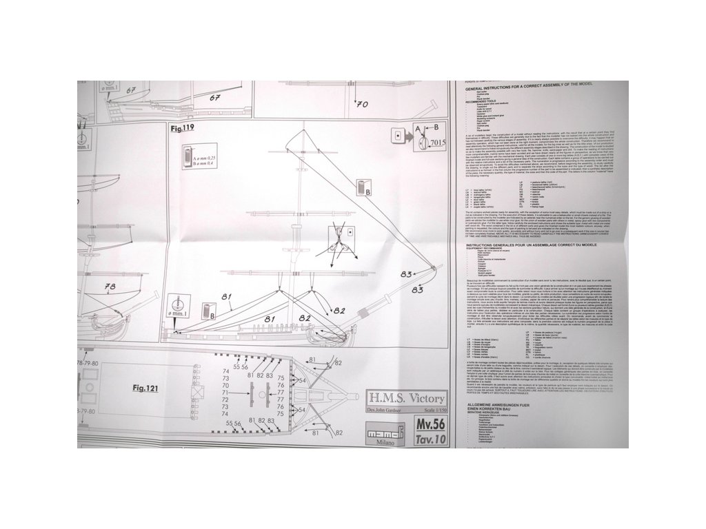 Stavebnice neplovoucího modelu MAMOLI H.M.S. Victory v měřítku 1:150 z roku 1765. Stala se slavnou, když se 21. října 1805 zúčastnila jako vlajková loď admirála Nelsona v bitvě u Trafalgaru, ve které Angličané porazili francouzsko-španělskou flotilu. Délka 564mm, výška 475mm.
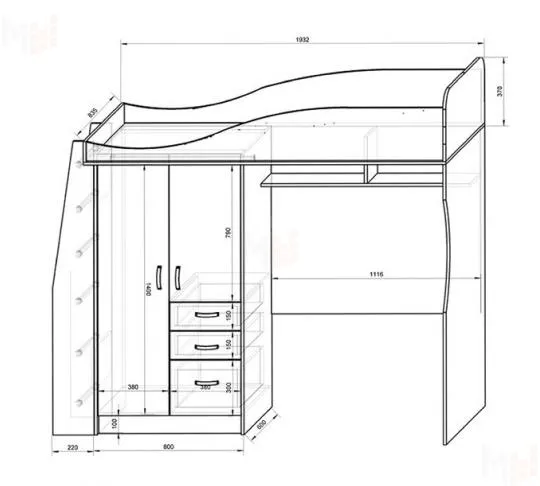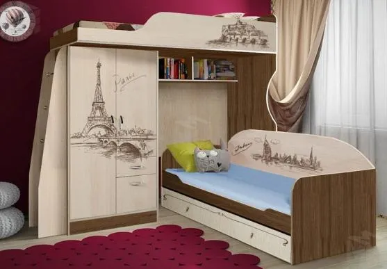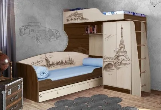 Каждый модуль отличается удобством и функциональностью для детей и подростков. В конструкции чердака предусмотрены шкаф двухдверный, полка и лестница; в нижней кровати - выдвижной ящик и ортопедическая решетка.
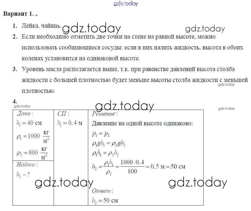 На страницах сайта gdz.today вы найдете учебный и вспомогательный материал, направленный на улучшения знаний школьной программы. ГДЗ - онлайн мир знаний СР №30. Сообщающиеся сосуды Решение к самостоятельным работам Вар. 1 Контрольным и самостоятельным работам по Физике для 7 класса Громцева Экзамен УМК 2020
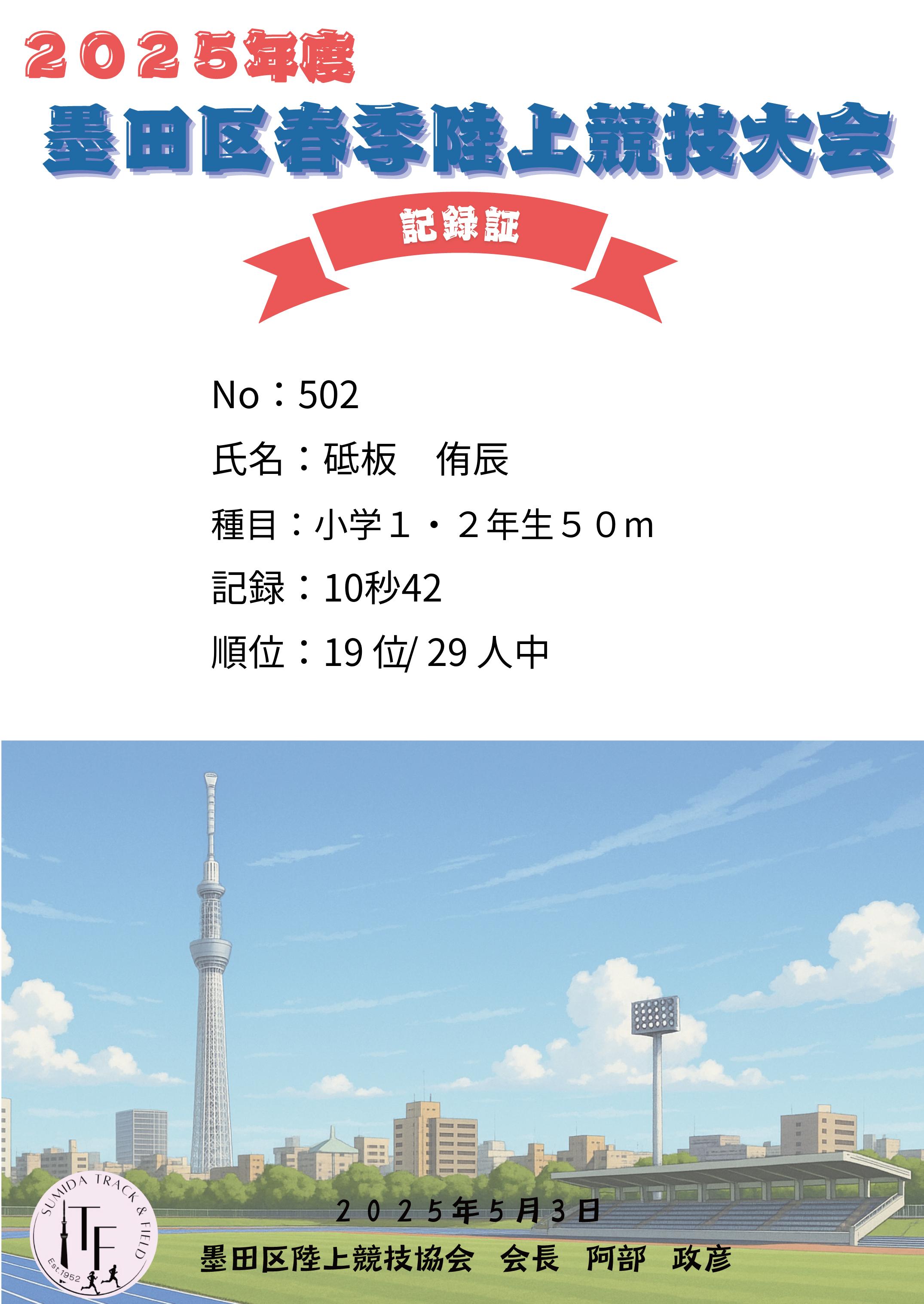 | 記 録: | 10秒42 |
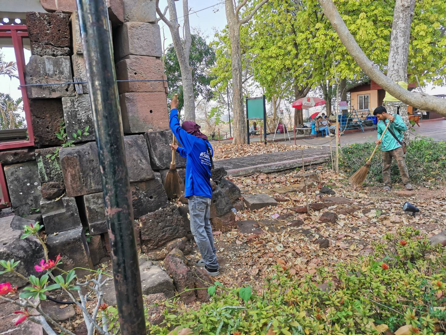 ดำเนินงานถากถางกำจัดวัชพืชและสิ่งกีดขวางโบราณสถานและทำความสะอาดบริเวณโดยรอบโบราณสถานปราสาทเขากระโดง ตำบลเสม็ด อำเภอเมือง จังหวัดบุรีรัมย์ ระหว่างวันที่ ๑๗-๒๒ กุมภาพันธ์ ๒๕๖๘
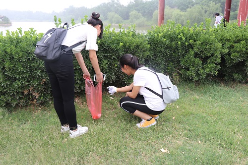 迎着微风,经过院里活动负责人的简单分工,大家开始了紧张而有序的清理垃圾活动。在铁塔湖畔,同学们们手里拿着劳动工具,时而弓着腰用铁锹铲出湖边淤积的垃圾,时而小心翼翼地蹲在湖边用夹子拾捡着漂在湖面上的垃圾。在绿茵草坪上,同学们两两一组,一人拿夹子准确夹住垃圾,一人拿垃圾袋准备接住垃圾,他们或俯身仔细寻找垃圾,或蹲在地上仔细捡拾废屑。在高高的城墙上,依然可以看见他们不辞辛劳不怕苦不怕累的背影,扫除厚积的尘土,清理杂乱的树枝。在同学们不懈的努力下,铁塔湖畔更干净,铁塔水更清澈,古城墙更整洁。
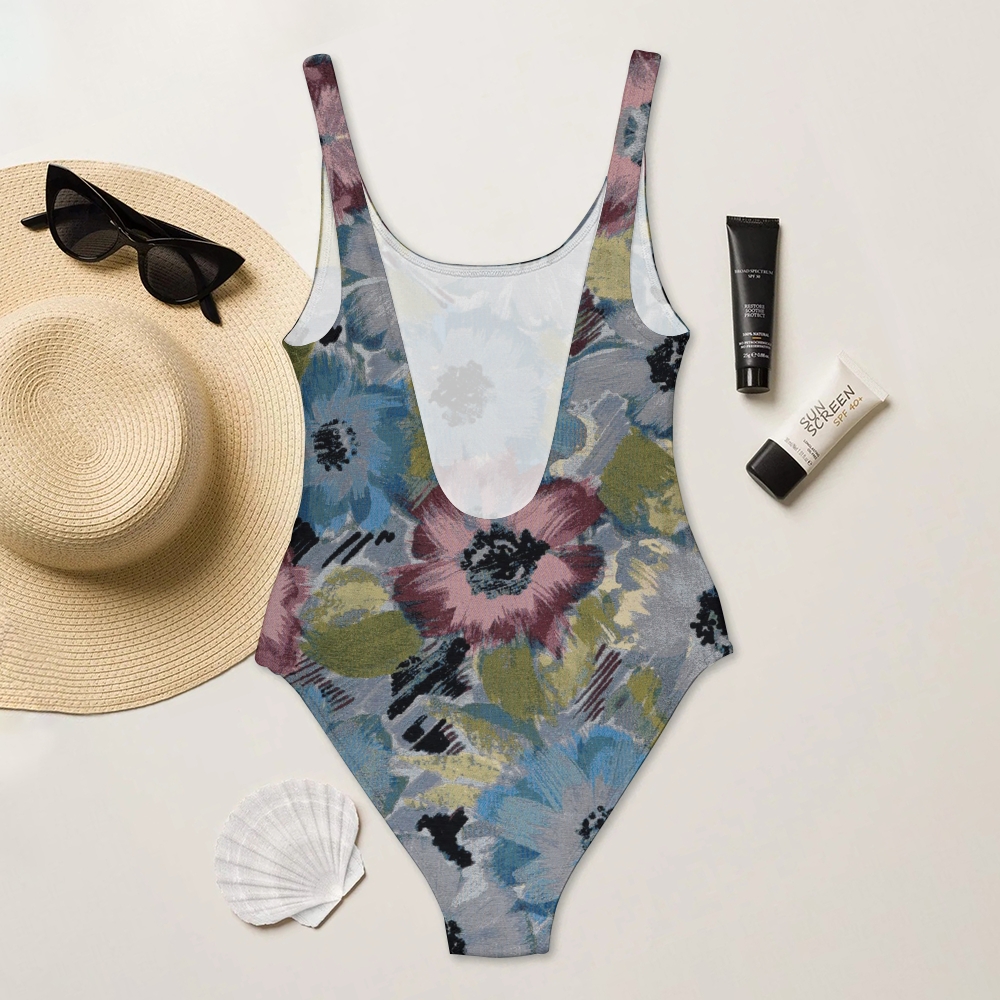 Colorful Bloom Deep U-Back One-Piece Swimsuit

== Assigned task ==
The result should be every line of the data, reproduced exactly, with the images removed.

== Response for this exercise ==
 Stavebnice neplovoucího modelu MAMOLI H.M.S. Victory v měřítku 1:150 z roku 1765. Stala se slavnou, když se 21. října 1805 zúčastnila jako vlajková loď admirála Nelsona v bitvě u Trafalgaru, ve které Angličané porazili francouzsko-španělskou flotilu. Délka 564mm, výška 475mm.
 Каждый модуль отличается удобством и функциональностью для детей и подростков. В конструкции чердака предусмотрены шкаф двухдверный, полка и лестница; в нижней кровати - выдвижной ящик и ортопедическая решетка.
 На страницах сайта gdz.today вы найдете учебный и вспомогательный материал, направленный на улучшения знаний школьной программы. ГДЗ - онлайн мир знаний СР №30. Сообщающиеся сосуды Решение к самостоятельным работам Вар. 1 Контрольным и самостоятельным работам по Физике для 7 класса Громцева Экзамен УМК 2020
 | 記 録: | 10秒42 |
 ดำเนินงานถากถางกำจัดวัชพืชและสิ่งกีดขวางโบราณสถานและทำความสะอาดบริเวณโดยรอบโบราณสถานปราสาทเขากระโดง ตำบลเสม็ด อำเภอเมือง จังหวัดบุรีรัมย์ ระหว่างวันที่ ๑๗-๒๒ กุมภาพันธ์ ๒๕๖๘
 迎着微风,经过院里活动负责人的简单分工,大家开始了紧张而有序的清理垃圾活动。在铁塔湖畔,同学们们手里拿着劳动工具,时而弓着腰用铁锹铲出湖边淤积的垃圾,时而小心翼翼地蹲在湖边用夹子拾捡着漂在湖面上的垃圾。在绿茵草坪上,同学们两两一组,一人拿夹子准确夹住垃圾,一人拿垃圾袋准备接住垃圾,他们或俯身仔细寻找垃圾,或蹲在地上仔细捡拾废屑。在高高的城墙上,依然可以看见他们不辞辛劳不怕苦不怕累的背影,扫除厚积的尘土,清理杂乱的树枝。在同学们不懈的努力下,铁塔湖畔更干净,铁塔水更清澈,古城墙更整洁。
 Colorful Bloom Deep U-Back One-Piece Swimsuit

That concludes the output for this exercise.